**Recorded data**
◇ ◇ ◇
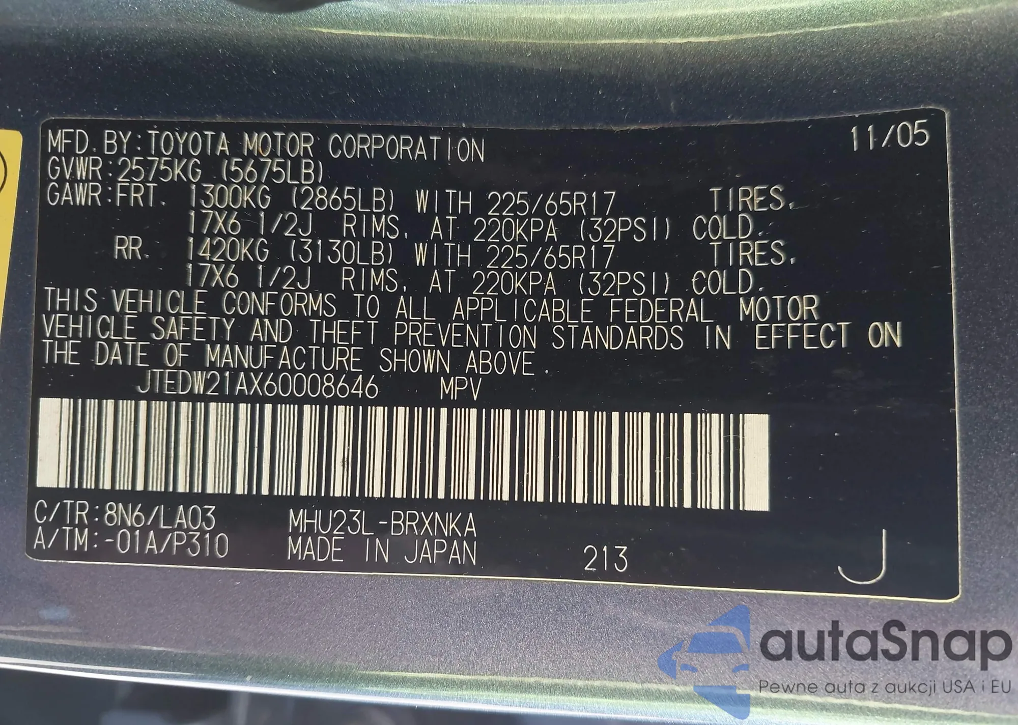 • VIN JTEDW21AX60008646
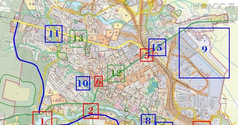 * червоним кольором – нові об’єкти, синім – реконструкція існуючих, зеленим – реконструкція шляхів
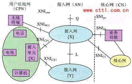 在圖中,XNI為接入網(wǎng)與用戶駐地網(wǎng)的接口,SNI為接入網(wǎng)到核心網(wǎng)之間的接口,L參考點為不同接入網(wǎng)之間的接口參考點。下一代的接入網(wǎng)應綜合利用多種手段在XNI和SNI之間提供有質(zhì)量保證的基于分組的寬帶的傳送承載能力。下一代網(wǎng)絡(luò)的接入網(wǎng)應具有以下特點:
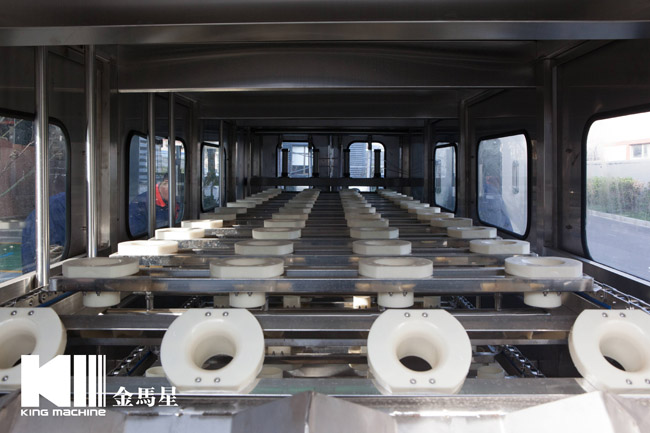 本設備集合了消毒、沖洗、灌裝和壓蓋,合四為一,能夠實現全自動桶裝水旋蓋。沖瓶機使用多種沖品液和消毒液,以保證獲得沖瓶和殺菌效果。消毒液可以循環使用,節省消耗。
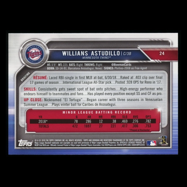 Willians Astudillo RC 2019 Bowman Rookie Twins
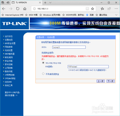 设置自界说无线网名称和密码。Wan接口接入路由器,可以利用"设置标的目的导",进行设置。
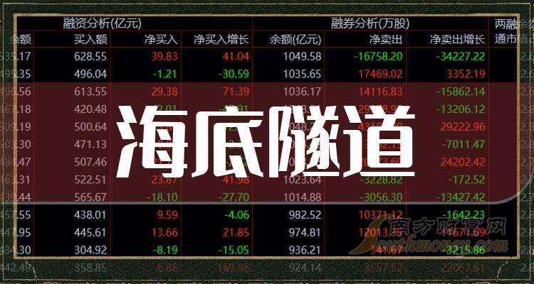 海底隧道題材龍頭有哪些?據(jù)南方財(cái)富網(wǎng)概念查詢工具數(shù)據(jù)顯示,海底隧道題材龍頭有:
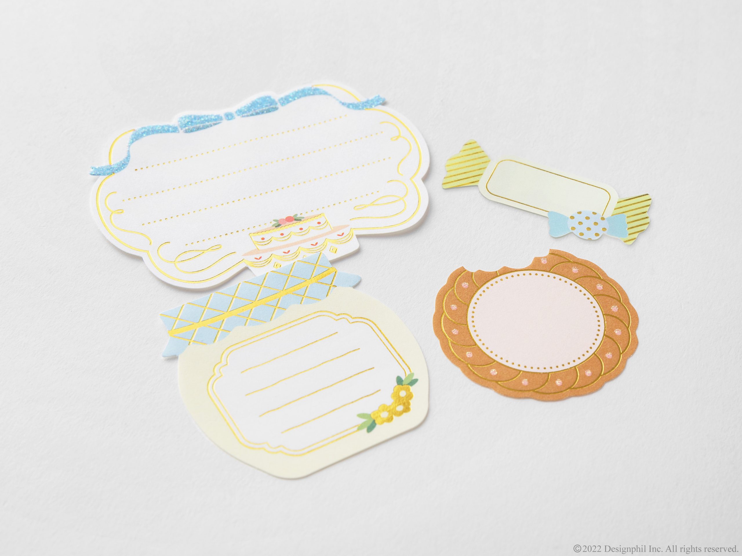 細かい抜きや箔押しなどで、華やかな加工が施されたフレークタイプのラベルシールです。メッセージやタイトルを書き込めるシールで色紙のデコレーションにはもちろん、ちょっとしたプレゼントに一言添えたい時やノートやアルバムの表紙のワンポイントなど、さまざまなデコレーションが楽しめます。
◇ ◇ ◇
**Exercise**
Retype all entries exactly as they appear, dropping the images.

**Result for this task**
 • VIN JTEDW21AX60008646
 * червоним кольором – нові об’єкти, синім – реконструкція існуючих, зеленим – реконструкція шляхів
 在圖中,XNI為接入網(wǎng)與用戶駐地網(wǎng)的接口,SNI為接入網(wǎng)到核心網(wǎng)之間的接口,L參考點為不同接入網(wǎng)之間的接口參考點。下一代的接入網(wǎng)應綜合利用多種手段在XNI和SNI之間提供有質(zhì)量保證的基于分組的寬帶的傳送承載能力。下一代網(wǎng)絡(luò)的接入網(wǎng)應具有以下特點:
 本設備集合了消毒、沖洗、灌裝和壓蓋,合四為一,能夠實現全自動桶裝水旋蓋。沖瓶機使用多種沖品液和消毒液,以保證獲得沖瓶和殺菌效果。消毒液可以循環使用,節省消耗。
 Willians Astudillo RC 2019 Bowman Rookie Twins
 设置自界说无线网名称和密码。Wan接口接入路由器,可以利用"设置标的目的导",进行设置。
 海底隧道題材龍頭有哪些?據(jù)南方財(cái)富網(wǎng)概念查詢工具數(shù)據(jù)顯示,海底隧道題材龍頭有:
 細かい抜きや箔押しなどで、華やかな加工が施されたフレークタイプのラベルシールです。メッセージやタイトルを書き込めるシールで色紙のデコレーションにはもちろん、ちょっとしたプレゼントに一言添えたい時やノートやアルバムの表紙のワンポイントなど、さまざまなデコレーションが楽しめます。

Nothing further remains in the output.